Fri Aug 7 12:01:55 GMT 2020
On Fri, Aug 7, 2020 at 12:45 PM Marc Glisse <firstname.lastname@example.org> wrote:
> Thank you for your comments.
> On Fri, 7 Aug 2020, Richard Biener wrote:
> >> Conversions look like
> >> .FENV_CONVERT (arg, (target_type*)0, 0)
> >> the pointer is there so we know the target type, even if the lhs
> >> disappears at some point. The last 0 is the same as for all the others, a
> >> place to store options about the operation (do we care about rounding,
> >> about exceptions, etc), it is just a placeholder for now. I could rename
> >> it to .FENV_NOP since we seem to generate NOP usually, but it looked
> >> strange to me.
> > You could carry the info in the existing flags operand if you make that a
> > pointer ...
> Ah, true, I forgot that some other trees already use this kind of trick.
> Not super pretty, but probably better than an extra argument.
> > Adding some info missing above from reading the patch.
> > The idea seems to be to turn FP operations like PLUS_EXPR, FLOAT_EXPR
> > but also (only?) calls to BUILT_IN_SQRT to internal functions named
> > IFN_FENV_* where the internal function presumably has some extra
> > information.
> Sqrt does seem to have a special place in IEEE 754, and in practice some
> targets have instructions (with rounding) for it.
> > You have
> > +/* float operations with rounding / exception flags. */
> > +DEF_INTERNAL_FN (FENV_PLUS, ECF_LEAF | ECF_NOTHROW, NULL)
> > +DEF_INTERNAL_FN (FENV_MINUS, ECF_LEAF | ECF_NOTHROW, NULL)
> > +DEF_INTERNAL_FN (FENV_MULT, ECF_LEAF | ECF_NOTHROW, NULL)
> > +DEF_INTERNAL_FN (FENV_RDIV, ECF_LEAF | ECF_NOTHROW, NULL)
> > +DEF_INTERNAL_FN (FENV_FLOAT, ECF_LEAF | ECF_NOTHROW, NULL)
> > +DEF_INTERNAL_FN (FENV_CONVERT, ECF_LEAF | ECF_NOTHROW, NULL)
> > +DEF_INTERNAL_FN (FENV_SQRT, ECF_LEAF | ECF_NOTHROW, NULL)
> > so with -fnon-call-exceptions they will not be throwing (but regular
> > FP PLUS_EXPR would).
> Hmm, ok, I guess I should remove ECF_NOTHROW then, the priority should
> be to be correct, we can carefully reintroduce optimizations later.
> > They will appear to alter memory state - that's probably to have the
> > extra dependence on FENV changing/querying operations but then why do you
> > still need to emit asm()s?
> The IFNs are for GIMPLE and represent the operations, while the asm are
> simple passthrough for RTL, I replace the first with the second (plus the
> regular operation) at expansion.
> > I suppose the (currently unused) flags parameter could be populated with
> > some known FP ENV state and then limited optimization across stmts
> > with the same non-zero state could be done?

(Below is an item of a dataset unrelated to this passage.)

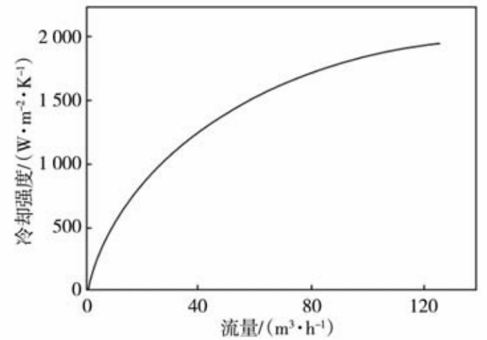 圖1 低壓鑄造示意圖 通過控制通入容器內的氣體壓力和加壓速度,可以控制鋁液在升液管中的上升速度和充型速度,因此低壓鑄造的鋁液充型平穩、易于控制。另外鑄件在一定的壓力下結晶凝固,鑄件的補縮效果好,鑄件的組織致密。而且低壓鑄造一般不設置冒口,澆注系統小,材料利用率很高。 01 低壓模具冷卻方式 為了達到鋁合金車輪鑄件的順序凝固和提高生產效率,常常對鑄造模具局部采取保溫措施或冷卻措施。模具的冷卻從發展之初主要有三種形式:風/水霧冷、水冷和冷鐵。 (1)冷鐵。鑄造工藝上有時在模具的局部位置使用冷鐵對鑄件進行激冷,以消除鑄件的疏松。常用的方法是在需要激冷的位置鉆孔加銅棒,因其冷卻強度和效果較差,在使用中存在一定局限性,未能大規模應用。 (2)風/水霧冷。先將金屬管進行彎制,裝配在模具背腔,使壓縮空氣通過風管直接噴射在需要冷卻的模具表面進行冷卻,由于其結構簡單、成本低、易于控制,因此在前期被廣泛使用。但風冷冷卻強度較低,后來對風冷進行升級,通過增加設備將水霧化后在壓縮空氣作用下噴射在模具表面上。水霧的加入增加了風冷的強度,使得生產效率在原來風冷的基礎上可提升最多10%左右。風/水霧冷仍是目前低壓鑄造生產的主要冷卻形式,但是風/水霧冷的缺點是壓縮空氣消耗大,環境噪聲大,且在生產效率提升上效果有限,所以其在發展上必然受到制約。 (3)水冷。用水代替壓縮空氣作為冷卻介質,特點是冷卻速度快,激冷效果強,水可循環使用,無噪聲污染,冷卻效果顯著,水的冷卻強度是風的幾十倍甚至上百倍。但是開放式的風管不適用于水冷,通常的做法有兩種:一是制作水冷盤/環,貼緊需要冷卻的模具部位;二是在模具部件上直接開槽后再焊接。水冷在提升鑄件性能和提高生產效率上較風/水霧冷發揮作用的空間更大。 實踐證明,低壓風冷模具在增加壓縮空氣使用量來提高鑄件凝固速率方面效果并不明顯,往往達不到預期效果。通過分析研究發現,冷卻效果不佳主要受以下兩個方面的影響:一是冷卻強度和流量并不是正比關系,而是圖2所示的曲線關系,隨著壓縮空氣流量的增加,而冷卻強度的增幅越來越小;二是由于風道管徑限制,壓縮空氣的流量并不能無限增加,通常情況下最高只能達到120 m³/h。經行業內研究發現,在合適部位增加水冷冷卻后,與普通風/水霧冷工藝相比,生產效率可提升20%左右,并且鑄件的力學性能有顯著提升。

> I was mostly thinking of storing information like:
> * don't care about the rounding mode for this operation
> * may drop exceptions produced by this operation
> * may produce extra exceptions
> * don't care about signed zero
> * may contract into FMA
> * don't care about errno (for sqrt?)
So we could leverage the same mechanism for inlining a non-ffast-math
function into a -ffast-math function, rewriting operations to IFNs? Though
the resulting less optimization might offset any benefit we get from the
inlining... At least the above list somewhat suggests it want's to
capture the various -f*-math options.
> With fenv_round, we would actually have to store the rounding mode of
> the operation (upward, towards-zero, dynamic, don't-care, etc), a bit
> less nice because 0 is not a safe fallback anymore. We could also store
> it when we detect a call to fesetround before, but we have to be careful
> that this doesn't result in even more calls to fesetround at expansion
> for targets that do not have statically rounded operations.
> If there are other, better things to store there, great.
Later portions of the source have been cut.